The promise of protection is empty, though, because, vampire-like, it 
thrives on fear, and it sucks the spirit out of Americans.

With the populace silenced and paralyzed, lawyers will have to take up the 
cause of preserving our freedoms. At minimum, then, the near future will 
bring legal challenges. The MCA will be challenged in court. Over 500 cases 
already on federal dockets will be affected by the MCA.
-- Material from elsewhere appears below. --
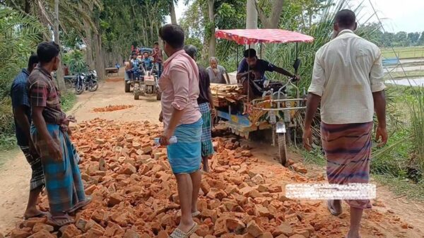 নওগাঁয় স্থানীয়দের উদ্যোগে এক কিলোমিটার রাস্তা সংস্কার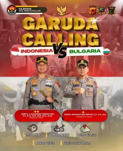 Cianjur, Minggu 29 Maret 2026 — Dalam rangka mendukung perjuangan Tim Nasional Indonesia di kancah internasional, Polres Cianjur menggelar kegiatan nonton bareng (nobar) pertandingan sepak bola antara Timnas Indonesia melawan Bulgaria.

And when will all this end? The MCA does not sunset. Although Congress never

formally declared war on al Qaeda or the Taliban or Saddam or Afghanistan or

Iraq or anyone anywhere else, the Authorization to Use Military Force passed

by joint congressional resolution in November 2001 provides the President 
with open-ended and (what he, at least, deems as) endless authority to carry

on this nebulous "war," which he does avidly without either standing firmly 
on the laws of war or resorting finally to the criminal laws. He picks and 
chooses what he finds useful and convenient for his task of creating this 
new worldview, the consequences of which neither he nor his Cabinet fully 
comprehend for the future of America.

P. Sabin Willett asks: "We need to acknowledge, if we are thoughtful people,

that terror is everywhere, and has been with us always, and involves all 
kind of people who later get called men of peace.'"

"Does any single thoughtful person . . . think she will live to see the end 
of terrorism? And thus the end of the global war against it? Do you think 
you'll watch on TV as the Emperor of Terror comes aboard a Navy warship to 
sign the instrument of surrender? A phenomenon that has run down from the 
1st Century to the 21st, you think George Bush is the measure of? Your 
grandchildren will never see that ticker-tape parade."

Willett concludes: "So can we at least be honest with ourselves? When we say

the President has special powers during the global war on terror, we are 
saying he has them forever. Always and forever can the President lock people

up at Guantanamo without meaningful judicial review. Always and forever he 
can ignore the Congress's ban of torture, as he vowed to do last December 
30."

Always and forever. It's a long time to spend in the soulless new world 
created, with Bush's persuasion, by the Military Commissions Act.